「早生まれ」と「遅生まれ」の差

「早生まれ」と「遅生まれ」の差

早生まれと遅生まれ、特に4月生まれと3月生まれでは実質ほぼ1年くらいの年齢差がありますよね。 年をとるにつれて1年弱の差は小さくなり、成人の頃にはほぼ差を感じなくなりますが、学童期の頃は体や行動は1年間で大きく成長します。

でも、日本の教育制度上、学校に入学するのは4月と決められており、4月入学の時点では、4月生まれでも3月生まれでも、同じ「1年生」です。成長の程度は異なっているのに。

え、これって早生まれ損じゃない? 


今回はこの「生まれ月問題」が医学・臨床的にもあるのかどうか、検討した論文を紹介します。

今回紹介するのは、学童の生まれ月による差を検証した、ハーバード大学医学部主体で行われた研究です。 アメリカでは学校の始業は9月になるので、日本と少し状況が異なります。つまり、もっとも早く入学するのが8月生まれ、もっとも成長してから入学するのが9月生まれの子どもたちです。

今回論文の著者らは、8月生まれの子供と9月生まれの子供でADHD(注意欠陥/多動性障害)の診断を受ける頻度を解析しました。ADHDとは不注意(集中力が続かない)・多動性(落ち着きがない)・衝動性(順番待ちができない)の症状を特徴とした神経発達症で、近年その疾患の再認識に注目が集まっています。ADHDについてはこちらのサイトで一般向けに非常にわかりやすくまとめられておりますので、興味がある方は一度チェックしてみましょう。

アメリカでは5歳前後で幼稚園に入るの通常ですが、幼稚園入園のタイミングは9月と決まっている州と、9月に限定しない州があります。今回はその影響も考慮して研究が行われました。 2007年から2009年に生まれた40万人以上の小児を対象として、2015年まで追跡してADHDと診断された小児の割合を調べました。すると、8月生まれの小児では10,000人あたり85.1人、9月生まれの小児では10,000人あたり63.6人がADHDと診断されており、8月生まれの方が9月生まれよりもADHDと診断される小児の数が多かったことがわかりました。一方で、他の前後する月(例えば4月と5月など)同士で比較しても差は認められず、また、入園の基準日を9月と限定しない州では差が認められませんでした。ちなみにこれはおまけですが、8月生まれと9月生まれとの間で、喘息、糖尿病、肥満の発生率の統計学的な差は認められませんでした。
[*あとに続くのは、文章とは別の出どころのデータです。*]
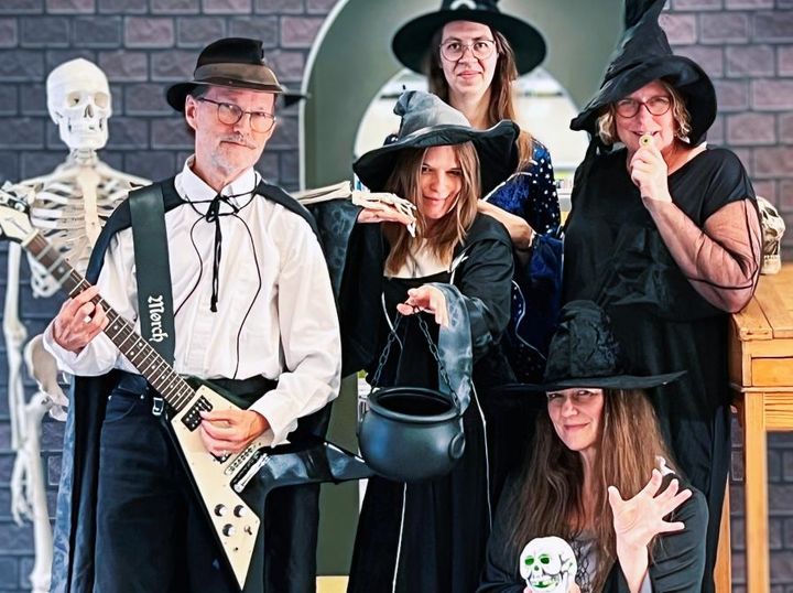 I den anledning kan du træde ind i heksebibliotekets u-hyggelige rum, hvor de kreative idéer bobler i kedlen. Her kan du klippe, klistre, male og perle dig frem til spøgelser, flagermus og andre mørke væsner – til de dystre toner af heksemesterens guitar.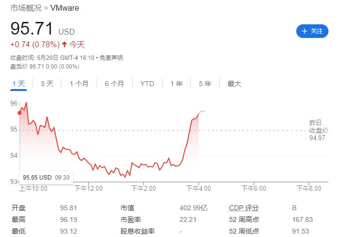 截止上周五美股收盘,VMware 的市值接近 403 亿美元,较 19 年峰值下跌了近一半,与年初相比也已跌去近 20%。英国《金融时报》评论称,如果博通想成功吃下 VMware,要付出的价格肯定会超过 430 亿美元,甚至有可能超过 500 亿美元。

つまり、日本に置き換えると、早生まれの小児はADHDと診断されやすいという結論になります。 でも一体どうしてこのような差が認められてしまうのでしょうか。 論文の著者らは考察で、担当の先生や両親が、他の子供と比較することによって、ADHDの診断のきっかけとなることから、実年齢が低いことによる注意力の低下などが比較によって顕在化したことで、診断のきっかけとなったのではないかと述べています。

今回紹介したのはアメリカの研究ですので、教育プログラムも文化も異なる日本ではまた異なる結果になるかもしれません。同様の傾向が日本でも認められるのか、そうだとしたらどのよう解決していくか、今後気になるところですね。